Friday, January 6, 2012

Oh, to Put an End to Endnotes

I dislike endnotes and it appears that I am not alone, nor am I the first to complain!  This is an excellent essay-sized footnote on endnotes with endnotes by Michael V. Fox.

Michael V. Fox, From the Editor: On Footnotes, in Hebrew Studies 28.  Read/download this article here (PDF).

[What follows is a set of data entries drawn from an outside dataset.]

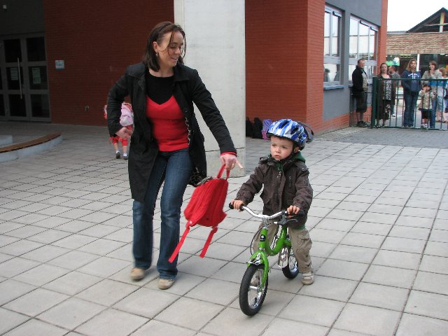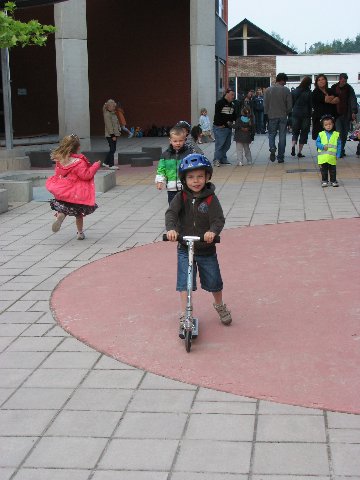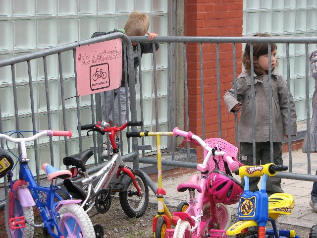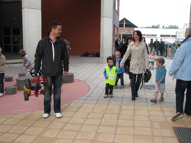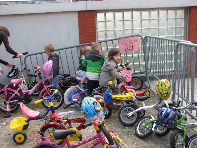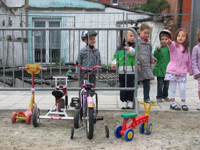 Verkeersdag mei 2010Alle fietsjes, go-carts, steps, ..... worden in de fietsenstalling netjes per klas bij elkaar gezet.
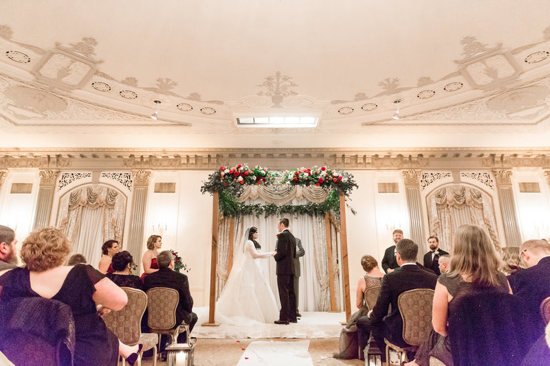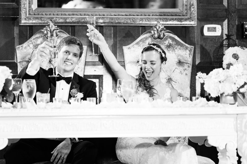We typically schedule 45 minutes for bride + groom portraits if you're sharing in a first look. If you're not sharing in a first look, you can expect to have approximately 10 minutes for bride and groom photos. For this reason, we highly encourage a first look because your photos are the first things to get cut short if something runs behind.
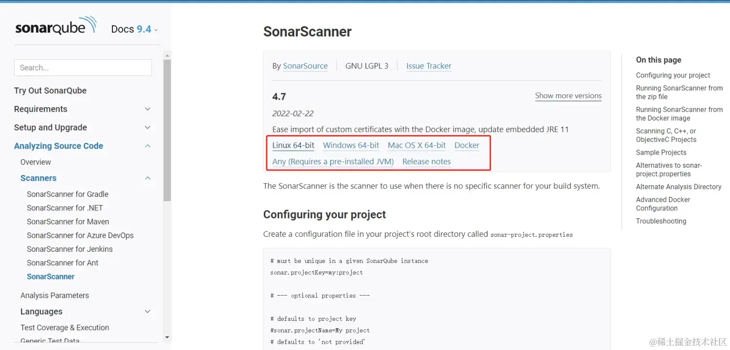 客户端其他版本下载地址搜索对应版本,例如: SonarScanner 4.07

Fox's case against Endnotes:

  1. Endnotes, particularly in books, are a nuisance.
  2. Endnotes are usually...imposed on authors by publishers...
  3. Endnotes trail behind everything else
Fox's case for Footnotes:
  1. Footnotes...[are] right there to read in a moment...
  2. Footnotes are...intrinsically significant.
  3. [F]ootnotes anchor the thought in the earlier scholarship from which it proceeded.
  4. Footnotes...go along with text.
Also worthy of consideration is his argument in endnote 4 against the misplaced priorities of the standard style sheets for bibliographies.  Having worked extensively with bibliographies, I always find it frustrating when the author's name is abbreviated.  I agree wholeheartedly that the most essential information in a bibliography is the author's name, the title of the work, and the date.  I wish that all of the information would be present including the city and publisher's name, but if anything must be abbreviated it ought to be the publisher's information.


[HT: Jim Davila @ PaleoJudaica.com who links to Christian Brady's post @ Targuman who gives credit to having received this from Robert Holmstedt.]